Of course, traditional work singing, like traditional work, was generally communal. You’ll Never Work Alone. (Might as well get Rodgers & Hammerstein: An Imagem Company on my back while I’m at it…) Unfortunately for us, most communal work these days is done in workplaces whose managements frown on their staff joining in traditional call-and-response songs. Can’t think why.

“The printer’s gone and jammed again,
Haven’t had a break since God knows when;”
“Pay cuts and paper cuts,
Another day at the office!”

“Fifteen years since I’ve had a raise,
Manager thinks he owns this place;”
“Pay cuts and paper cuts,
Another day at the office!”

'Sentimental Ballad' by Grant Wood, 1940

So most of your opportunities for work-singing, if you’re anything like me, are solitary: housework, and perhaps gardening if you’re not worried about the neighbours’ opinions.

You can, of course, sing along with recorded music – companies have made good money from packaging music as suitable for doing housework to – but this has its limitations. Housework often takes you out of the room, and vacuums etc can drown the music out. Unless you play it really loud, and then you are one of those neighbours. Taking your music with you is a possibility if you don’t mind the risk of you or your device getting fried, water being another high-frequency element of housework. Thank you, but no.
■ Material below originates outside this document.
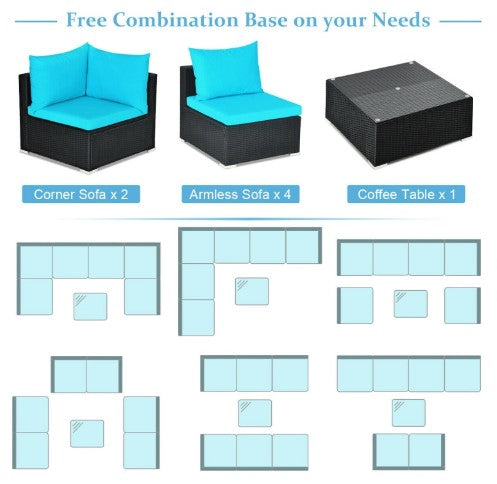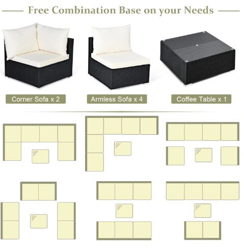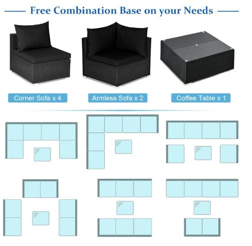 ● Free Combination of Sectional Sofa: Comes with four armless sofas, two corner sofa and a coffee table, this patio furniture can be flexible in combination according to your needs and based on your room space. In addition, 10 clips secure the sofa firmly together to avoid sliding. The patio furniture set with ample seats allows you to relax with your friends.

This is where Ye Olde Work Song comes into its own. The only real criterion for a work song is that you know how it goes, although it does help if it sounds all right a cappella. You can sing anything – even if you can’t really sing – because, like singing in the shower, housework singing is legally privileged. (For a given value of “legally”. After all, when was the last time Noise Control was called on someone wearing a frilly apron?) Any neighbours within earshot might even enjoy the free concert. As they say, how do you know you’re a talented shower-singer? Applause under the bathroom window.

Singing in the Bath (2130531035)

What to sing is a very individual choice. Myself, I like old hymns and spirituals. There is nothing that goes so well with scrubbing a toilet than I Am A Poor Wayfaring Stranger, and the acoustics aren’t half bad either. Other favourites include: The Lord of the Dance; God Is Working His Purpose Out, (which I first encountered in the 2002 film version of Nicholas Nickleby and hunted all over for before finding it in Hymns Ancient and Modern); It Is Well With My Soul, (doing both parts in the echoes); and that perennial favourite of Sir Howard Morrison‘s, How Great Thou Art.

Interesting bit of trivia: the Maori verse sung in said version of HGThA is not a translation of any of the English verses, but a bit pinched from Abide With Me – a hymn which goes very well with vacuum-cleaner accompaniment. Vacuum cleaners love minor keys.

So, do you sing as you work? Any recommendations?